Ukraine is known as the “breadbasket of Europe.” According to a recent report from the Oakland Institute, it has one-third of all the arable land in the EU (32 million hectares). For 19 years the nation had resisted the arm-twisting, coercions and seductions of global finance to protect its rich agricultural base and keep it in the hands of millions of peasant owner-farmers, sparing them the invasion of industrial scale use of pesticides and fertilizers. Ukraine is the 7th largest wheat producer in the world. This is some of the best land on the planet. Guess who wants it.
Since COVID effected the Ukraine economy in the same ways it has everywhere else, the nation was cash-strapped. The IMF, the Snidely Whiplash of global predators, offered Ukraine a desperately needed bridge loan. In return, the IMF wanted to open a land market, gaining access to that black soil, over the objections of 80% of the population (who were locked down and could not publicly demonstrate), President Zelensky eventually agreed. And since then (March, 2020), those cash-poor, land-rich peasant farmers have been gradually separated from their most valuable asset because they couldn’t come up with the cash necessary to obtain a license to keep their own land.
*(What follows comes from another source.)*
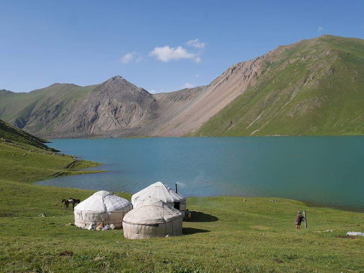 We choose here rather then the famous Song Kul, and we love it! You could take a easy day hike to reach the lake. Be prepared there's a river about knees high to cross and the water is freezing cold. There are three Yarts (Ususally, double check in the village) there around the lake. Amazingly tranquil. We had a wonderful time with the family. They still live in an old nomadic way, moving here every summer time. Making yogurt and cream...

In fact, with the IMF fully engaged, private financial backing for the world’s 35 largest meat and dairy companies totaled an estimated $478bn (£380bn) between January 2015 and 30 April this year. The financing came in the form of loans, bonds and share ownership from the likes of BNP Paribas, Barclays, HSBC, Prudential UK, Standard Life Aberdeen, Legal & General. Pension funds were also singled out for criticism in the report, with Norway’s Sovereign Wealth fund listed as one of the largest shareholders in meat and dairy corporations. US participation in the agribusiness sector also comes from some of the largest pension funds such as TIAA, CalPERS, the NY State Teacher’s Fund and other state retirement funds.

Who benefits? Cargill, DuPont, Bayer (which recently bought Monsanto). The land will be used for cultivation (corn and soybeans), grazing (meat and dairy) and mining. In fact, this trend of multinational agribusiness buying up rich farmland across the world has been going on for 15 years for more. Large tracts in Brazil, East Africa, Eastern Europe, Zambia, Myanmar, Poland, Chile, Australia and elsewhere have been snatched up because the return is reliable. If you’re wondering who is buying the land being cleared by fire in the Amazon, look to these companies and their partners in ‘market efficiency’, i.e. crime: private equity funds, retirement funds, endowments and most likely hedge funds. And then look at the fertilizer giants following right along such as Syngenta with its bee-killing neonicotinoids.
The ostensible reason agribusiness has been descending on vulnerable nations to sweep up large tracts for cultivation is to “feed the world” or to “reduce poverty.” But in reality, the former occupants of the land, living there for generations, often cannot produce clear title. The approach to gaining access to the land is to institute ‘reforms’ that create an ‘efficient’ market where there previously was none. So while the new ‘owners’ use deep financial resources to gain control, the previous owners are dispossessed because they can’t ‘buy’ their own property and are left with meager compensation and no transitional training. Another side of the story is that unlocking ‘dead capital’ can help the poor improve their land, gain access to credit and realize greater returns from it. However, this is World Bank, IMF and The Bill and Melinda Gates Foundation neo-colonial theory based on limited evidence . And while having little or no effect on local poverty, new owners of unused or state-owned land tracts institute cultivation practices known to be damaging to soil, water resources and finite mineral resources.
Scientists have repeatedly expressed alarm over the environmental impact of large-scale food and dairy production and are calling for a transformation of the global food system. They say the current model is responsible for up to 30% of greenhouse gas emissions and 70% of freshwater use, with huge reductions in meat-eating essential to forestall climate crisis.
Public employees and other American investors checking out the returns from their pension and retirement accounts are, to a degree, looking at the success of these rapacious intrusions into legacy land ownership systems and flawed title systems based on community ownership. These intrusions are designed to take advantage of historically informal systems by pushing formal registries with the intent of separating peasant farmers from their land in the name of ‘productivity.’

Brazil is a slightly different story. The Amazon fires have spread to the largest and most bio-diverse savannah in the world, the Cerrado. Fires have cleared 40,000 sq miles of land for international agribusiness investors including two of the largest private pension funds in the US: the Harvard Endowment (owner of over 1 million acres) and the New York-based TIAA-CREF (owner of over 830,000 acres). These practices are directly fueling land grabs, assassinations of environmental activists, displacement of indigenous populations, environmental destruction and the well-documented destructive practices of monoculture with chemical inputs.
Arable land is a limited resource. Black soil is a limited resource. Keeping that soil from becoming a source of GHGs instead of remaining a carbon sink and keeping it out of the hands of “drill and kill” developers is just as necessary as preventing the fossil fuel industry from exhausting earth’s ‘carbon budget.’